Silver Fox APT & PowerG flaws expose key security risks
NCC Group has published new findings on the activity of the advanced persistent threat group known as Silver Fox and disclosed four security flaws affecting a Johnson Controls wireless building security radio protocol used across residential and commercial deployments.
The threat intelligence research describes an exposed web panel that investigators link to Silver Fox operations. NCC Group said the panel tracked backdoor installer applications used in ongoing campaigns.
Silver Fox activity
NCC Group said the group's most recent observed activity used search engine optimisation techniques to deliver backdoored installers for Microsoft Teams. The research also points to the use of "false flags" that investigators believe aimed to impersonate a Russian-speaking threat group.
The firm said its analysis of link management infrastructure provided further artefacts associated with that hypothesis. It said the campaign aligns with previous third-party assessments that characterised the activity as a false-flag operation.
NCC Group said the operators used Cyrillic file names. The researchers said this appeared intended to mimic a Russian-speaking threat actor's tradecraft.

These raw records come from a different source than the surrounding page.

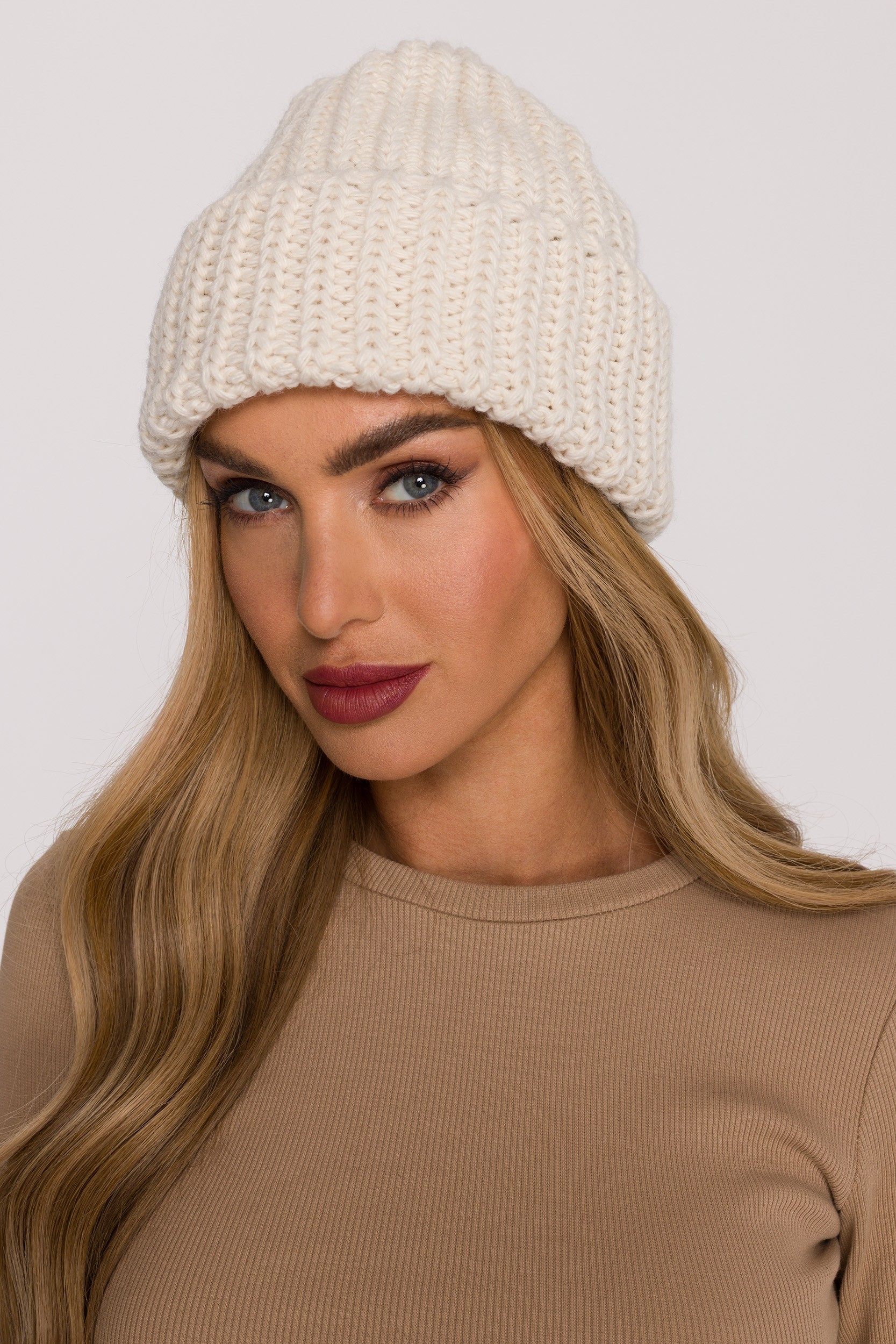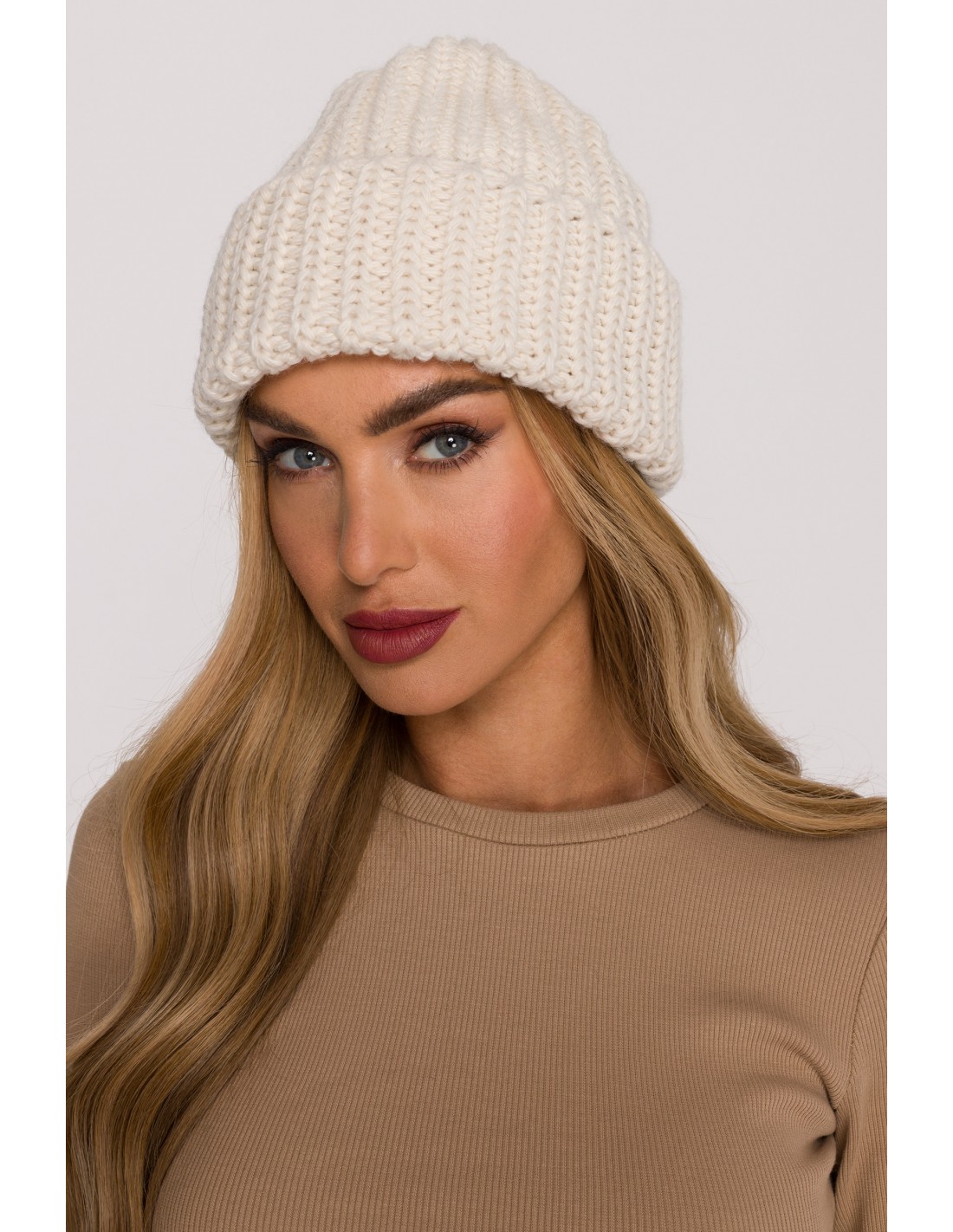 DM1490 Czapka z miękkiej przędzy o grubym splocie - ecru
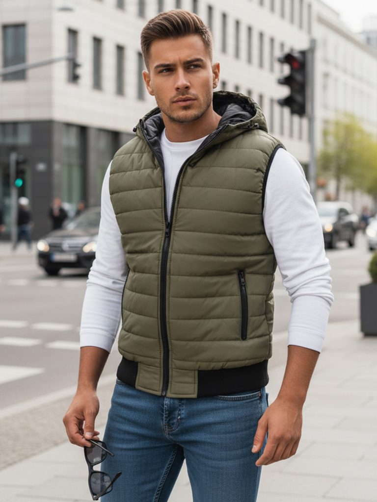 Prošívaná podšitá vesta s kapucí disponuje klasickým zapínáním na zip. Vesta obsahuje dvě vnější kapsy na zip. Kapuce není odnímatelná, dá se regulovat pomocí šňůrky. Spodní část i otvory na ruce jsou zakončeny elastickým lemováním. Vestu doporučujeme kombinovat s džíny z naší nabídky.
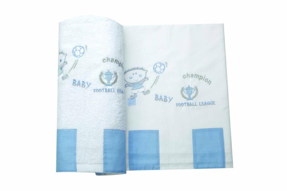 Λαδόπανα Βάπτισης με θέμα ποδοσφαιριστής ελληνικής κατασκευής άριστης ποιότητας βαμβακερά. Το σετ περιλαμβάνει πετσέτα μικρή και μεγάλη, σεντονάκι και σετ εσώρουχα.
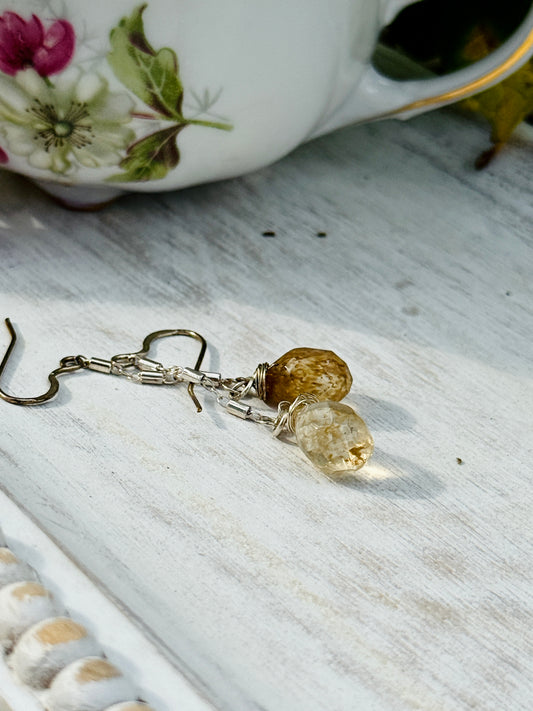 Handcrafted Sterling Silver Citrine Drop Earrings – Dainty Yellow Gemstone Dangles
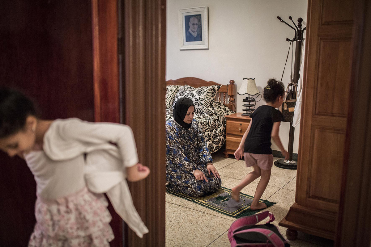 Hodda Sekatti, rezando en su casa, junto a dos de sus hijas, momentos antes de salir para coger un autobús y ver a su esposo El Hannoudi El Habib, preso en la cárcel de Oukacha de Casablanca por participar en las protestas. El Habib es conductor de autobuses y fue detenido cuando terminó de trabajar el 29 de mayo. Desde entonces permanece encerrado junto a más de 200 personas detenidas por protestar.
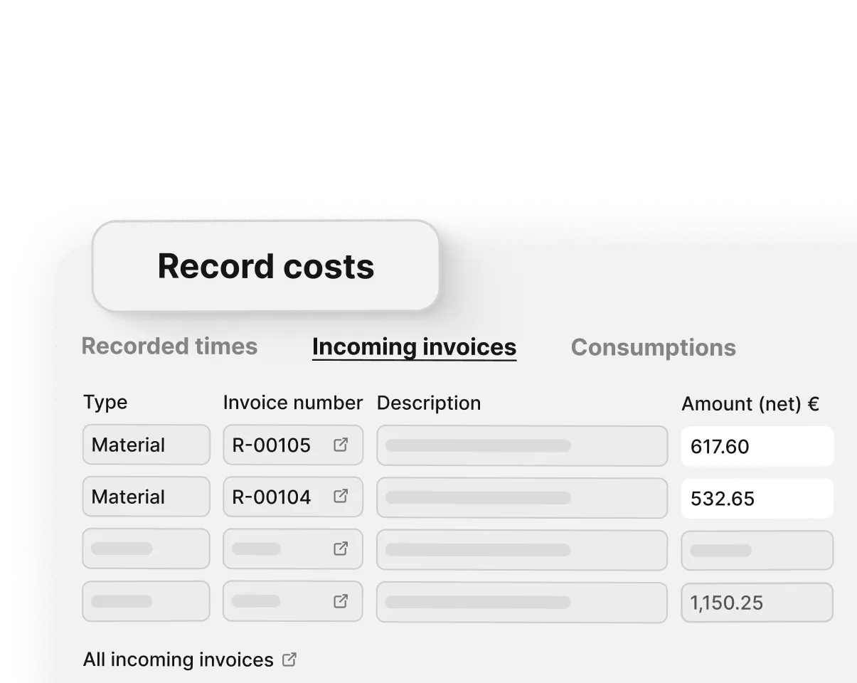 As soon as you assign an invoice to a project, the costs automatically appear in the recalculation. This ensures that all expenses are fully and accurately recorded, without duplicate work or errors.
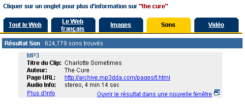 La page de résultats d'une recherche de sons présente les éléments :
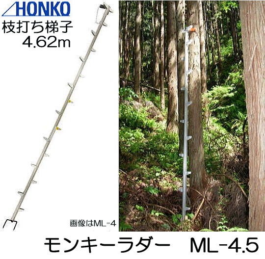 モンキーラダー ML-4.5 全長4.62m アルミ製 枝打はしご 3本連結 枝打ち梯子 (法人or 営業所引取) 個人宅配送不可 本宏製作所
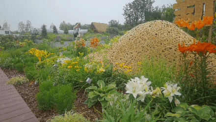 “新优品种园”的主题是“当花园来敲门”,展示了来自15个国家、80多家育种商的500多个新优品种,涵盖乔灌木、球宿根、藤本植物、室内植物、花坛花等。有月季、绣球、凤仙、朱顶红、百合、百子莲等。
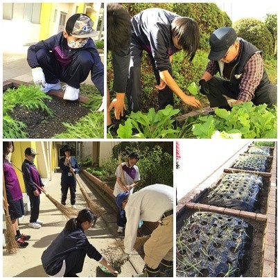また、小松菜や水菜の大きなものを選んで収穫しました。小カブやダイコンの間引きも行い、水洗いまで丁寧に行うことができました。カゴ3つ分も収穫することができ、生徒たちは喜んでいました。

In its research, NCC Group said it observed SEO poisoning used to distribute backdoor installers of at least 20 widely used applications. It said the list includes communication tools, virtual private network products and productivity applications.
The research said the campaigns primarily targeted Chinese-speaking individuals and organisations in China. It said it also identified additional victims across Asia-Pacific, Europe and North America.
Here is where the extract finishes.